Finding cuts of small expansion is a problem with several applications. It is an open question if there is a polynomial-time approximation with a constant-factor approximation ratio; a positive answer would refute the “small-set expansion conjecture” which is closely related to the unique games conjecture.

The following algorithm was proposed by Fiedler, and it works well in practice when {{\bf x}} is the eigenvector of {\lambda_2}.

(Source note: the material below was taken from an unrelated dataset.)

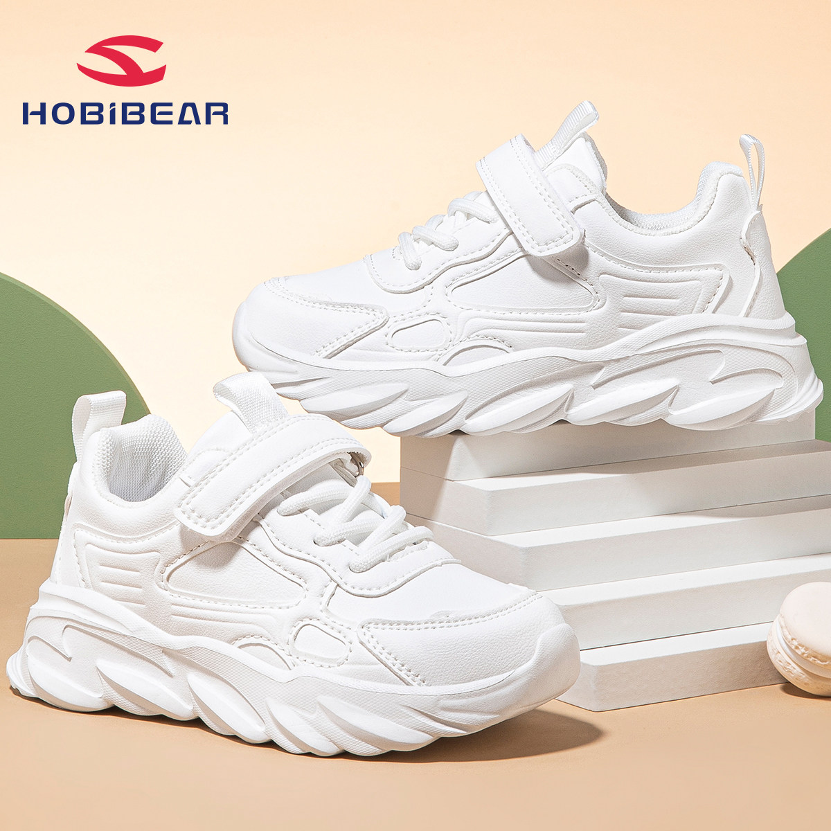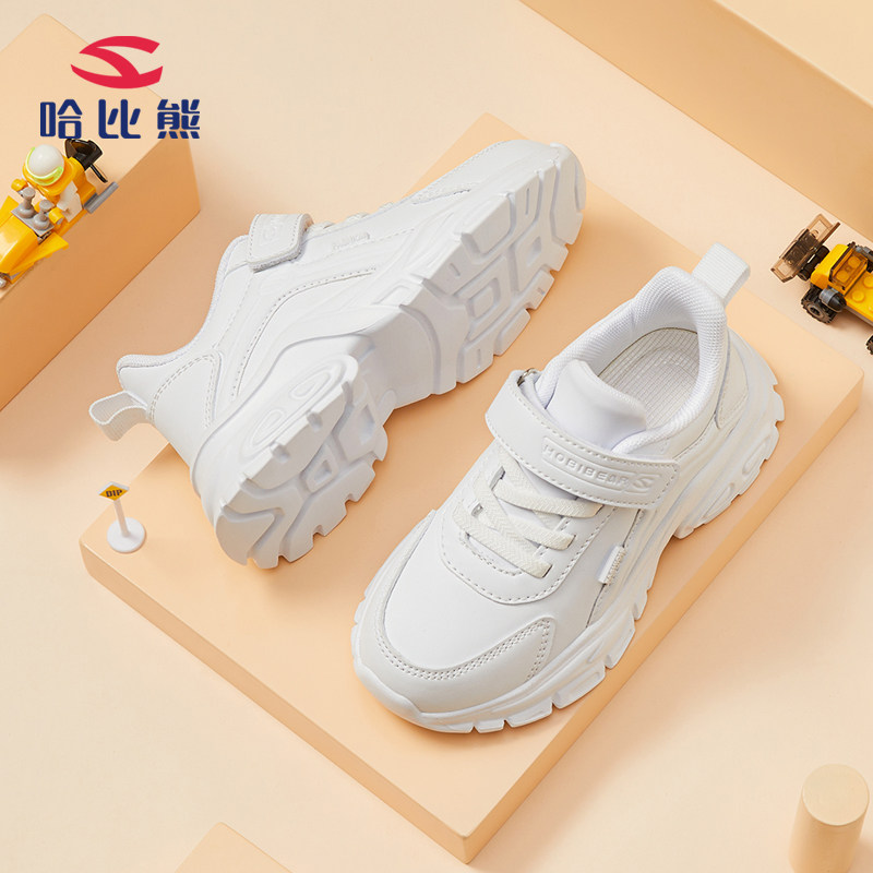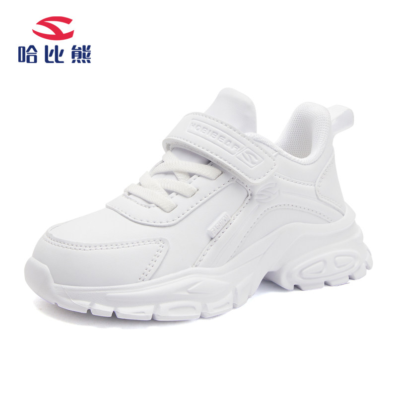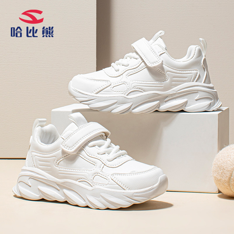 哈比熊儿童小白鞋春夏季皮面防水7男童运动鞋8女童白色跑步鞋9岁
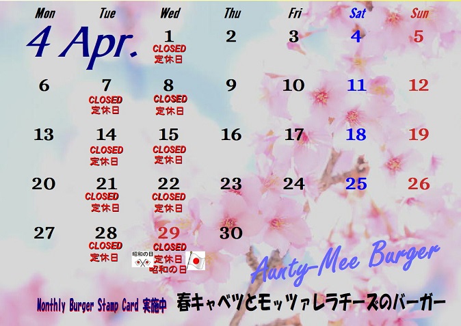 2012/2月より"Monthly Burger Stamp Card"を始めてます

  • Input: graph {G=(V,E)}, vector {{\bf x} \in {\mathbb R}^V}

    • Sort the vertices according the values {x_v}, and let {v_1,\ldots,v_n} be the sorted order
    • Find a {k} that minimizes {\phi ( \{ v_1,\ldots, v_k \} , \{ v_{k+1}, \ldots, v_n \})}, and output such a cut

Note that Fiedler’s algorithm can be implemented in time {O( |E| + |V| \log |V| )}, because it takes time {O(|V| \log |V|)} to sort the vertices, and the cut of minimal expansion that respects the sorted order can be found in time {O(E)}. (To see that this is the case, consider that, in order to find such a cut, we just need to compute the numbers {e_k := E( \{ v_1,\ldots, v_k \} , \{ v_{k+1}, \ldots, v_n \})} for each {k=1,\ldots,n-1}. We see that {e_1} is equal to the degree of {v_1}, and that, given {e_{k-1}}, the value of {e_k} can be computed by just adding to {e_{k-1}} the number of neighbors of {v_k} in {\{ v_{k+1}, \ldots, v_n \}}, and subtracting the number of neighbors of {v_k} in {\{ v_1,\ldots, v_k \}}, on operation that can be done in time {O(d_{v_k})}. Thus the total running time is of the order of {\sum_v d_v}, that is, {O(|E|)}.)

We will prove the following result

Theorem 1 (Cheeger’s Inequalities) Let {G} be an undirected regular graph and {\lambda_1 \leq \lambda_2 \leq \cdots \leq \lambda_n} be the eigenvalues of the normalized Laplacian, with repetitions, then

\displaystyle  \frac {\lambda_2} 2 \leq \phi(G) \leq \sqrt{2\lambda_2}

Furthermore, if {(S,V-S)} is the cut found by Fiedler’s algorithm given the eigenvector of {\lambda_2}, then

\displaystyle  \phi(S,V-S) \leq \sqrt{2 \lambda_2}

Note that, from the furthermore part of the Theorem, it follows that, if {(S,V-S)} is the cut found by Fiedler’s algorithm given an eigenvector of {\lambda_2}, we have

\displaystyle  \phi(S,V-S) \leq 2 \sqrt { \phi(G)}

which is a worst-case guarantee of the quality of the solution found by the algorithm.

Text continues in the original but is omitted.